Later the same year, Hyejang enabled Dasan to move out of the tavern and for nearly a year he lived in Boeun Sanbang, a small hermitage at the nearby Goseong-sa temple, which was under Hyejang's control. Finally, in the spring of 1808 he was able to take up residence in a house belonging to a distant relative of his mother, on the slopes of a hill overlooking Gangjin and its bay. It was a simple house, with a thatched roof, but it was there that the exile spent the remaining ten years of his exile, until the autumn of 1818. This is the site now known as “Dasan Chodang.” The hill behind the house was known locally as Da-san (tea-mountain) and that was to become the name by which our exile is best known today, Dasan. Here he could teach students who lodged in a building close to his, forming a close-knit community, and he could write. In his study he accumulated a library of over a thousand books.

During his exile he is said to have written 500 volumes. This needs qualifying, since one “work” might fill nearly 50 volumes of the standard size, but he certainly wrote a vast quantity, some 14,000 pages, mainly in order to set out clearly a fundamental reform program for governing the country correctly according to Confucian ideals. During the years of exile he concentrated first on the Book of Changes (Yi Ching), writing in 1805 the Chuyeoksajeon. A reflection on the Classic of Poetry followed in 1809. He wrote on politics, ethics, economy, natural sciences, medicine and music. After his return from exile, Dasan published his most important works: on jurisprudence Heumheumsinseo (1819); on linguistics Aeongakbi (1819); on diplomacy Sadekoryesanbo (1820); on the art of governing Mongminsimseo and on administration Gyeongsesiryeong (1822).

Dasan remained in exile in Gangjin until 1818, when he was allowed to return to his family home near Seoul. Attempts to bring him back into government service were blocked by factional politics. He used Yeoyudang as his final pen-name, it was the name of the family home where he lived quietly, near the Han River, until he died in 1836, on his sixtieth wedding anniversary. The main sources for his biography are the two versions of his own ‘epitaph,’ Jachan myojimyeong, and a chronological biography Saam seonsaeng yeonbo composed by his great-grandson Jeong Gyu-yeong using no longer extant records.
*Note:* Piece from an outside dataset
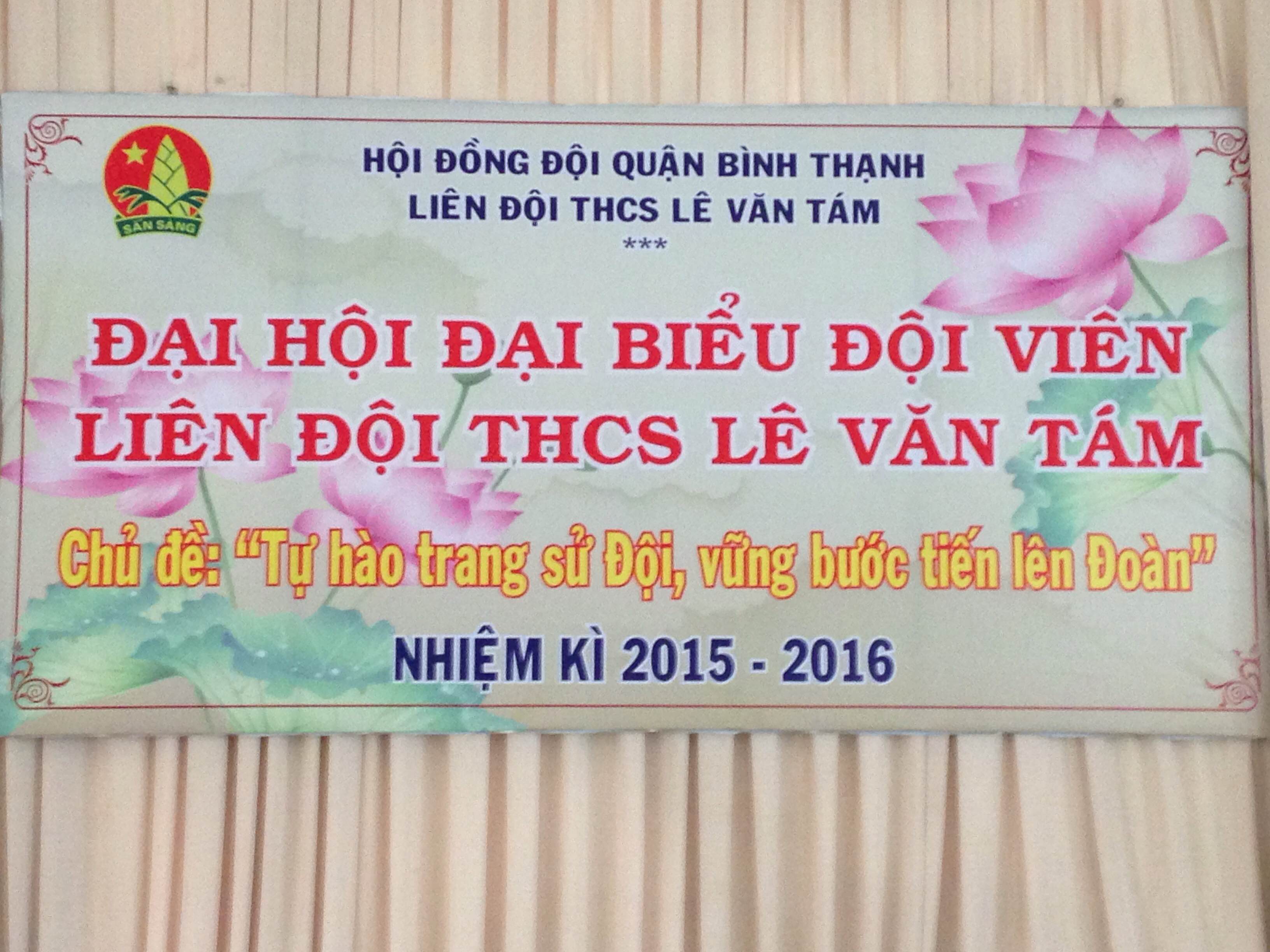Thực hiện chương trình công tác Đội và phong trào thiếu nhi quận Bình Thạnh, Liên đội THCS Lê Văn Tám tổ chức Đại hội đại biểu đội viên Liên đội nhiệm kì 2015 – 2016 với chủ đề “Tự hào trang sử Đội, vững bước tiến lên Đoàn” nhằm đánh giá, tổng kết hoạt động Liên đội trong nhiệm kì 2014 – 2015 và xây dựng phương hướng cho nhiệm kì 2015 – 2016; Đại hội cũng nhằm bầu chọn Ban chỉ huy Liên đội nhiệm kì 2015 – 2016 với 17 đội viên với đầy đủ tiêu chuẩn, năng động, yêu thích, tích cực tham gia các phong trào:

Dasan and the 19th-century tea revival
Jeong Yak-yong had been living in Gangjin for several years when the Ven. Hyejang arrived from Daeheung-sa temple to take charge of Paengnyeon-sa. During those years, spent in a poor inn with very little money, Dasan's health had suffered from the low nutritional value of his food. He suffered from chronic digestive problems. Dasan and Hyejang first met on the 17th day of the 4th month, 1805, not long after Hyejang's arrival. Only a few days after, Dasan sent a poem to Hyejang requesting some tea leaves from the hill above the temple; it is dated in the 4th month of 1805, very soon after their meeting.

This poem makes it clear that Dasan already knew the medicinal value of tea and implies that he knew how to prepare the leaves for drinking. It has often been claimed that Dasan learned about tea from Hyejang but this and a series of other poems exchanged between them suggests that in fact Hyejang and other monks in the region learned how to make a kind of caked tea from Dasan.

This would make him the main origin of the ensuing spread of interest in tea. In 1809, the Ven. Cho-ui from the same Daeheung-sa temple came to visit Dasan in Gangjin and spent a number of months studying with him there. Again, it seems more than likely that Cho-ui first learned about tea from Dasan, and adopted his very specific, rather archaic way of preparing caked tea. After that, it was the Ven. Cho-ui who, during his visit to Seoul in 1830, shared his tea with a number of scholars. Among them, some poems were written and shared to celebrate the newly discovered drink, in particular the Preface and Poem of Southern Tea (南茶幷序) by Geumryeong Bak Yeong-bo.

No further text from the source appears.